> _AIM OF THE TASK_
Would you output all the lines below precisely as they stand, leaving each picture out?

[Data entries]
********

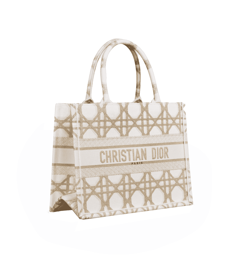 Introduced by Maria Grazia Chiuri, Creative Director of Christian Dior, the Dior Book Tote has become a staple of the Dior aesthetic. Designed to hold all the daily essentials, the style is fully embroidered with a gold-tone Macrocannage motif and is further adorned with the Christian Dior Paris signature on the front. The medium tote exemplifies the House’s signature savoir-faire and may be carried by hand or worn over the shoulder.
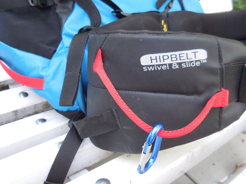 Na bederáku jsou dvě materiálová poutka, která jsem zkoušel pro nesení karabin se smycemi a prusíky. V NoSLech nemáme klasické sedáky, ale jen smyce 150 cm pro provedení nouzového sedáku a na ten si nic nezavěsíte, takže materiálové poutka na batohu by se opravdu hodila v případě, že by došlo na navázání se.
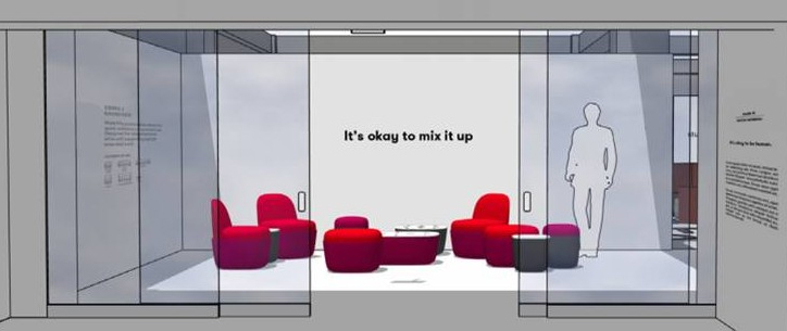 A small opening connects to a second, more dynamic room, with artwork and installations suggestive of the power of social engagement and interaction. This center space is devoted to a Studio TK brand exposition. Throughout this inner brand experience, visitors find more residential finishes and colors. The transition from the blank gallery into a warm, vibrant experience is complete. Here, one also experiences a collaborative environment with Cesto poufs that create more casual spaces that could be used in break-out rooms or areas of ideation. An alcove to the right highlights the new agreement with Artifort and includes a collection of four products celebrating the new partnership – Beso seating collection, Pala lounge, Kalm lounge and Nina seating.
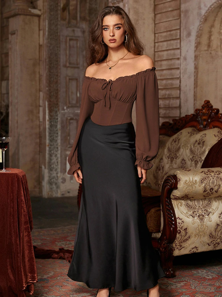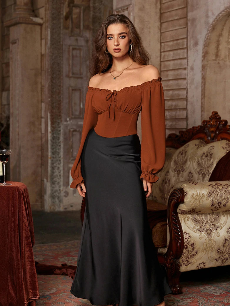 Add a touch of Renaissance flair to your wardrobe with our Scarlet Darkness Cropped Tops. The elastic waistband ensures a comfortable fit, while the long sleeves provide coverage.
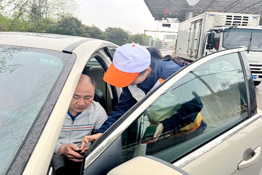这份无处不在的默契,在“10分钟响应机制”的实战中展现出惊人的力量。车主周先生曾焦急地发现ETC突然“失灵”。岗亭指令刚落,行政人员已一路小跑赶到。她利落地蹲在车头前,处理旧胶时,指尖小心翼翼用指甲轻抠,那份轻柔只为守护车漆的光泽;重新粘贴时,她聚精会神,比对着前挡风玻璃的刻度线反复调整了三次角度,只为确保设备能“正对车道识别器”,精准响应。短短两分钟,问题迎刃而解。当周先生还在手忙脚乱翻找客服电话时,抬起头已是满面惊喜:“比我划手机屏幕的速度还快!”他清亮的笑声瞬间穿透了嘈杂的车流喧嚣。
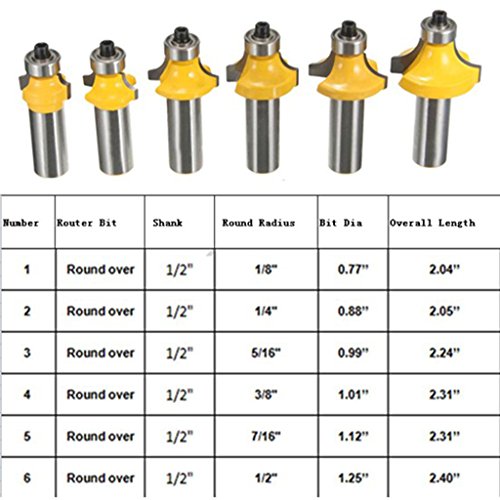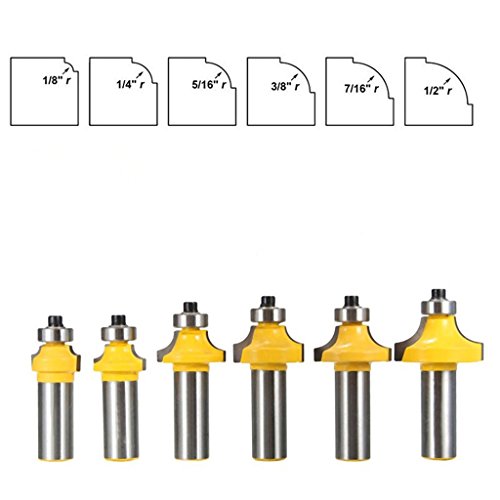 Dovewill 6本入り 高品質 縁取り ルータビット ベアリング チゼルカッターセット 1/2インチシャンク
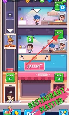 1、进入游戏,管理多层餐厅(如BAKERY、RESTAURANT),升级楼层员工、设施。
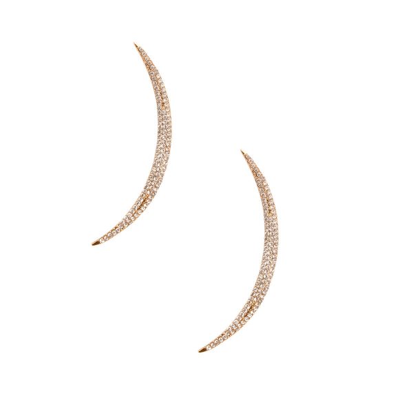 Gold Metal and Clear Rhinestone Curved Bar Crescent Drop Earrings. Earrings measure .35 inches wide
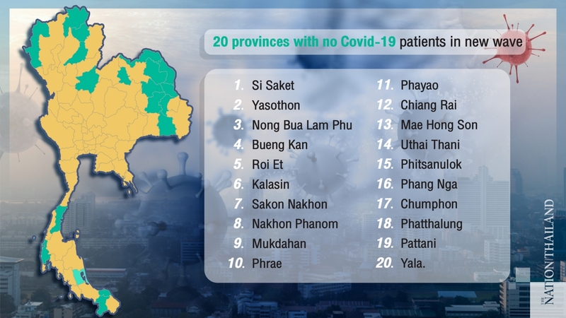 The Centre for Covid-19 Situation Administration (CCSA) said on Friday that 20 provinces were still free of Covid-19 patients in the new wave of infections.
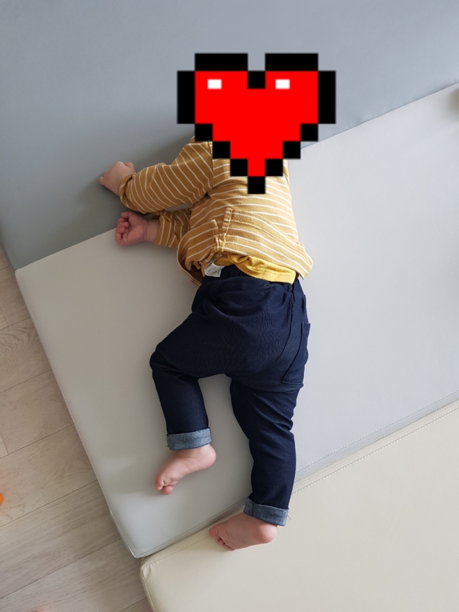 매트 위에서 잔 거라 불편할 만도 한데 잘 자네
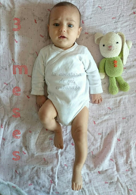 Uno de los inconvenientes de la trimaternidad es la limitación de tiempo a la que te ves sometida. Vamos, que no me da la vida, hablando claro. Desde que me levanto hasta que me acuesto no paro, y cuando digo que no paro es que no paro, porque incluso sentada en el sofá estoy dando teta, entreteniendo al chiquitín, leyendo un cuento o montando alguna Pin y Pon. Y esa limitación de tiempo se ve reflejada en cosas como que, cuando ya mi bebé ha cumplido los cuatro meses, aún no haya contado sus maravillosos tres meses.

********

> _RESULT OF THE EXERCISE_
 Introduced by Maria Grazia Chiuri, Creative Director of Christian Dior, the Dior Book Tote has become a staple of the Dior aesthetic. Designed to hold all the daily essentials, the style is fully embroidered with a gold-tone Macrocannage motif and is further adorned with the Christian Dior Paris signature on the front. The medium tote exemplifies the House’s signature savoir-faire and may be carried by hand or worn over the shoulder.
 Na bederáku jsou dvě materiálová poutka, která jsem zkoušel pro nesení karabin se smycemi a prusíky. V NoSLech nemáme klasické sedáky, ale jen smyce 150 cm pro provedení nouzového sedáku a na ten si nic nezavěsíte, takže materiálové poutka na batohu by se opravdu hodila v případě, že by došlo na navázání se.
 A small opening connects to a second, more dynamic room, with artwork and installations suggestive of the power of social engagement and interaction. This center space is devoted to a Studio TK brand exposition. Throughout this inner brand experience, visitors find more residential finishes and colors. The transition from the blank gallery into a warm, vibrant experience is complete. Here, one also experiences a collaborative environment with Cesto poufs that create more casual spaces that could be used in break-out rooms or areas of ideation. An alcove to the right highlights the new agreement with Artifort and includes a collection of four products celebrating the new partnership – Beso seating collection, Pala lounge, Kalm lounge and Nina seating.
 Add a touch of Renaissance flair to your wardrobe with our Scarlet Darkness Cropped Tops. The elastic waistband ensures a comfortable fit, while the long sleeves provide coverage.
这份无处不在的默契,在“10分钟响应机制”的实战中展现出惊人的力量。车主周先生曾焦急地发现ETC突然“失灵”。岗亭指令刚落,行政人员已一路小跑赶到。她利落地蹲在车头前,处理旧胶时,指尖小心翼翼用指甲轻抠,那份轻柔只为守护车漆的光泽;重新粘贴时,她聚精会神,比对着前挡风玻璃的刻度线反复调整了三次角度,只为确保设备能“正对车道识别器”,精准响应。短短两分钟,问题迎刃而解。当周先生还在手忙脚乱翻找客服电话时,抬起头已是满面惊喜:“比我划手机屏幕的速度还快!”他清亮的笑声瞬间穿透了嘈杂的车流喧嚣。
 Dovewill 6本入り 高品質 縁取り ルータビット ベアリング チゼルカッターセット 1/2インチシャンク
 1、进入游戏,管理多层餐厅(如BAKERY、RESTAURANT),升级楼层员工、设施。
 Gold Metal and Clear Rhinestone Curved Bar Crescent Drop Earrings. Earrings measure .35 inches wide
 The Centre for Covid-19 Situation Administration (CCSA) said on Friday that 20 provinces were still free of Covid-19 patients in the new wave of infections.
 매트 위에서 잔 거라 불편할 만도 한데 잘 자네
 Uno de los inconvenientes de la trimaternidad es la limitación de tiempo a la que te ves sometida. Vamos, que no me da la vida, hablando claro. Desde que me levanto hasta que me acuesto no paro, y cuando digo que no paro es que no paro, porque incluso sentada en el sofá estoy dando teta, entreteniendo al chiquitín, leyendo un cuento o montando alguna Pin y Pon. Y esa limitación de tiempo se ve reflejada en cosas como que, cuando ya mi bebé ha cumplido los cuatro meses, aún no haya contado sus maravillosos tres meses.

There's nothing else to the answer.